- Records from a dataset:
+ + + + + + +

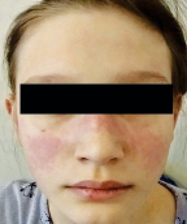Рис. 1. Пациентка 13 лет. Симптом бабочки (характерный для системной красной волчанки)
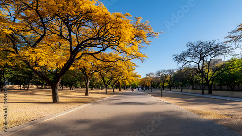 tree, path, autumn, landscape, sky, nature, yellow, road, daylight, park, scenic, alley, vibrant, paseo, foliage, light, shadow, tranquil, atmosphere, perspective, horizontal, season, colours, environment, gold, leaf, sunshine, clear, blue, urban, sun, tree, shadow, alleyway, journey, travel, natural, peaceful, pathway, stroll, background, serene, warm, high-coloured, orange, bright, calm
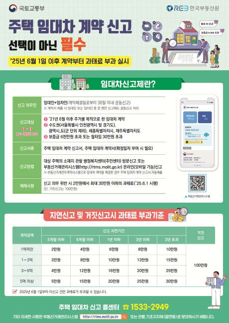 경상북도는 주택 임대차 계약 신고 계도기간이 오는 5월 31일 종료됨에 따라 6월 1일 이후 체결된 주택 임대차 계약을 30일 이내에 신고하지 않으면 과태료가 부과되므로 반드시 신고를 당부했다.주택 임대차 계약 신고제는 임대차 시장의 실거래 정보를 투명하게 공개하고 임대인과 임차인 간 정보 비대칭을 극복하기 위한 목적으로 2021년 6월부터 시행됐다.다만, 도민 부담과 행정 여건 등을 고려해 과태료를 한시적으로 부과하지 않는 계도기간을 4년간(2021.6.1.~2025.5.31.) 운영해 왔으며, 이달 5월 31일 종료를 앞두고 있다.주택 임대차 계약 신고 대상은 도내 시 지역의 보증금 6천만원 이상이거나 월세 30만원을 초과하는 주거목적의 주택 임대차 계약이다.주택 임대차 계약 신고는 임대인, 임차인 모두에게 신고 의무가 있으나 일방이 신고하더라도 서명·날인된 계약서를 제출하면 공동 신고로 간주한다.주택 소재지 관할 읍면동 행정복지센터를 방문하거나 온라인으로 부동산거래관리시스템에 접속해 본인 인증 후 신고하면 된다.배용수 경북도 건설도시국장은 “주택 임대차 계약 시에는 반드시 30일 이내에 신고할 것을 당부드린다” 며 “신고 지연으로 과태료가 발생하지 않도록 지속적인 제도 홍보에 힘쓰겠다”고 밝혔다.
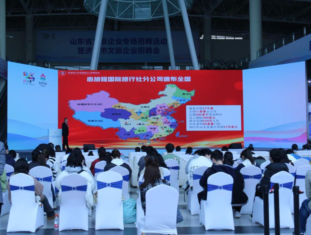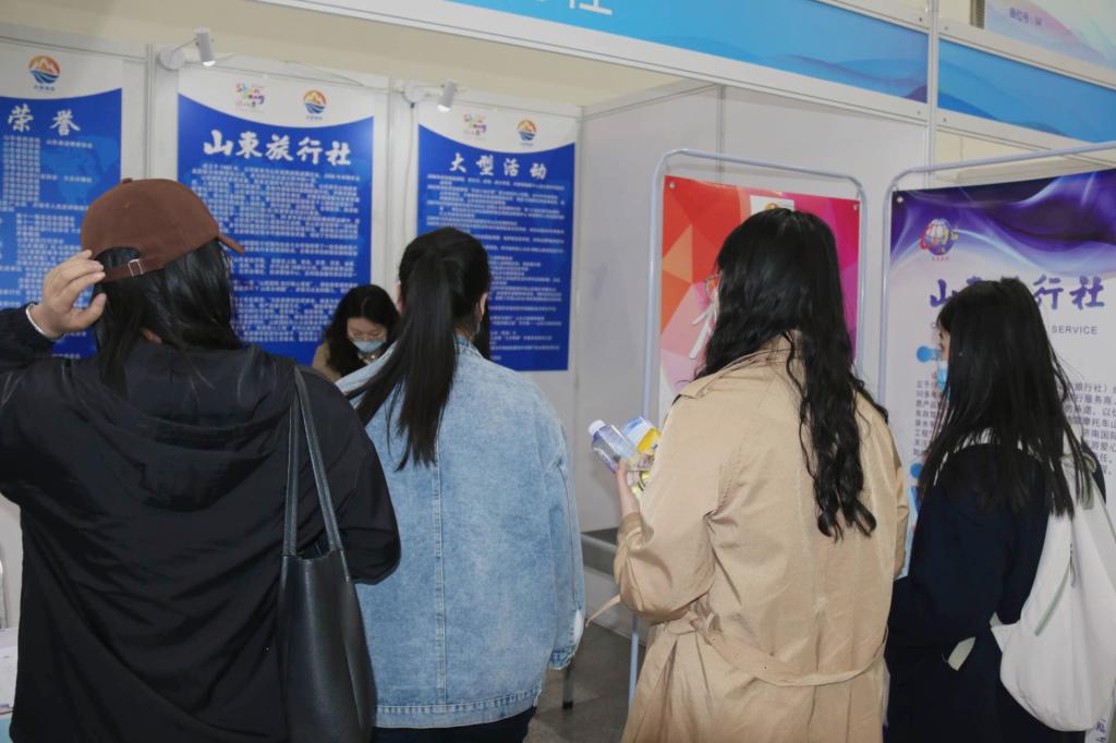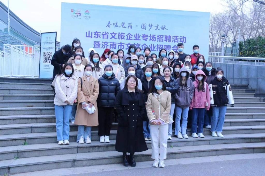山东省文化和旅游厅联合山东省人力资源和社会保障厅、山东省教育厅、济南市政府举办的山东省文旅企业专场招聘会,于2023年3月11日在舜耕国际会展中心进行。yl23455永利集团学生工作部副部长、就业指导中心主任万丽丽,YL23455永利集团辅导员徐媛媛带领YL23455永利集团60位旅游专业毕业生参加了此次招聘会。
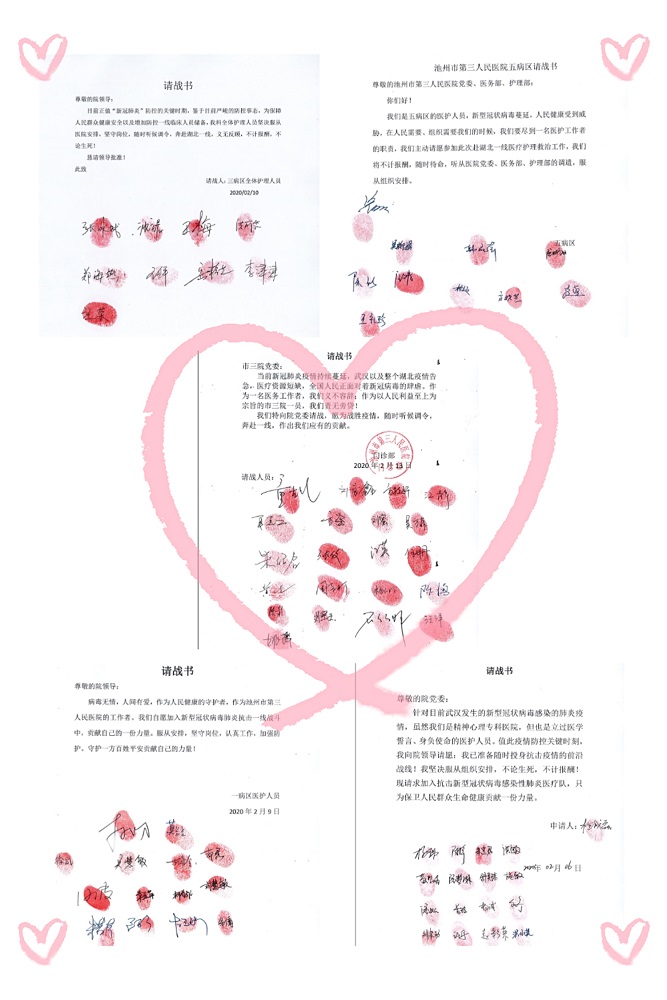 請(qǐng)戰(zhàn)是對(duì)信念與信念的付諸行動(dòng),申請(qǐng)是對(duì)情懷與宗旨的執(zhí)著追求。一個(gè)個(gè)義無(wú)反顧的紅手印飽含決心,一個(gè)個(gè)紅手印、飽含了醫(yī)務(wù)工作者“敬佑生命、救死扶傷、甘于奉獻(xiàn)、大愛(ài)無(wú)疆”的責(zé)任擔(dān)當(dāng)與戰(zhàn)勝疫情的必勝信心。
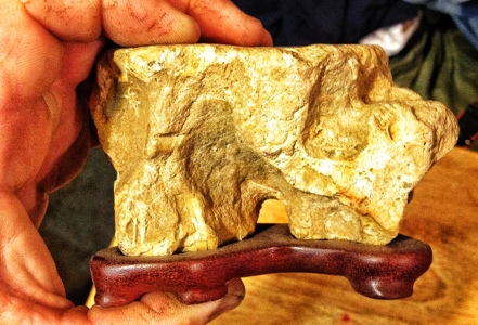 This is a suiseki I liberated from a stone bed in a local theme park. I carved the diaza for it.

+ + + + + + +

- WORK ITEM: Copy the data word for word, no pictures.

- OUTPUT FOR THIS TASK:
Рис. 1. Пациентка 13 лет. Симптом бабочки (характерный для системной красной волчанки)
 tree, path, autumn, landscape, sky, nature, yellow, road, daylight, park, scenic, alley, vibrant, paseo, foliage, light, shadow, tranquil, atmosphere, perspective, horizontal, season, colours, environment, gold, leaf, sunshine, clear, blue, urban, sun, tree, shadow, alleyway, journey, travel, natural, peaceful, pathway, stroll, background, serene, warm, high-coloured, orange, bright, calm
 경상북도는 주택 임대차 계약 신고 계도기간이 오는 5월 31일 종료됨에 따라 6월 1일 이후 체결된 주택 임대차 계약을 30일 이내에 신고하지 않으면 과태료가 부과되므로 반드시 신고를 당부했다.주택 임대차 계약 신고제는 임대차 시장의 실거래 정보를 투명하게 공개하고 임대인과 임차인 간 정보 비대칭을 극복하기 위한 목적으로 2021년 6월부터 시행됐다.다만, 도민 부담과 행정 여건 등을 고려해 과태료를 한시적으로 부과하지 않는 계도기간을 4년간(2021.6.1.~2025.5.31.) 운영해 왔으며, 이달 5월 31일 종료를 앞두고 있다.주택 임대차 계약 신고 대상은 도내 시 지역의 보증금 6천만원 이상이거나 월세 30만원을 초과하는 주거목적의 주택 임대차 계약이다.주택 임대차 계약 신고는 임대인, 임차인 모두에게 신고 의무가 있으나 일방이 신고하더라도 서명·날인된 계약서를 제출하면 공동 신고로 간주한다.주택 소재지 관할 읍면동 행정복지센터를 방문하거나 온라인으로 부동산거래관리시스템에 접속해 본인 인증 후 신고하면 된다.배용수 경북도 건설도시국장은 “주택 임대차 계약 시에는 반드시 30일 이내에 신고할 것을 당부드린다” 며 “신고 지연으로 과태료가 발생하지 않도록 지속적인 제도 홍보에 힘쓰겠다”고 밝혔다.
山东省文化和旅游厅联合山东省人力资源和社会保障厅、山东省教育厅、济南市政府举办的山东省文旅企业专场招聘会,于2023年3月11日在舜耕国际会展中心进行。yl23455永利集团学生工作部副部长、就业指导中心主任万丽丽,YL23455永利集团辅导员徐媛媛带领YL23455永利集团60位旅游专业毕业生参加了此次招聘会。
 請(qǐng)戰(zhàn)是對(duì)信念與信念的付諸行動(dòng),申請(qǐng)是對(duì)情懷與宗旨的執(zhí)著追求。一個(gè)個(gè)義無(wú)反顧的紅手印飽含決心,一個(gè)個(gè)紅手印、飽含了醫(yī)務(wù)工作者“敬佑生命、救死扶傷、甘于奉獻(xiàn)、大愛(ài)無(wú)疆”的責(zé)任擔(dān)當(dāng)與戰(zhàn)勝疫情的必勝信心。
 This is a suiseki I liberated from a stone bed in a local theme park. I carved the diaza for it.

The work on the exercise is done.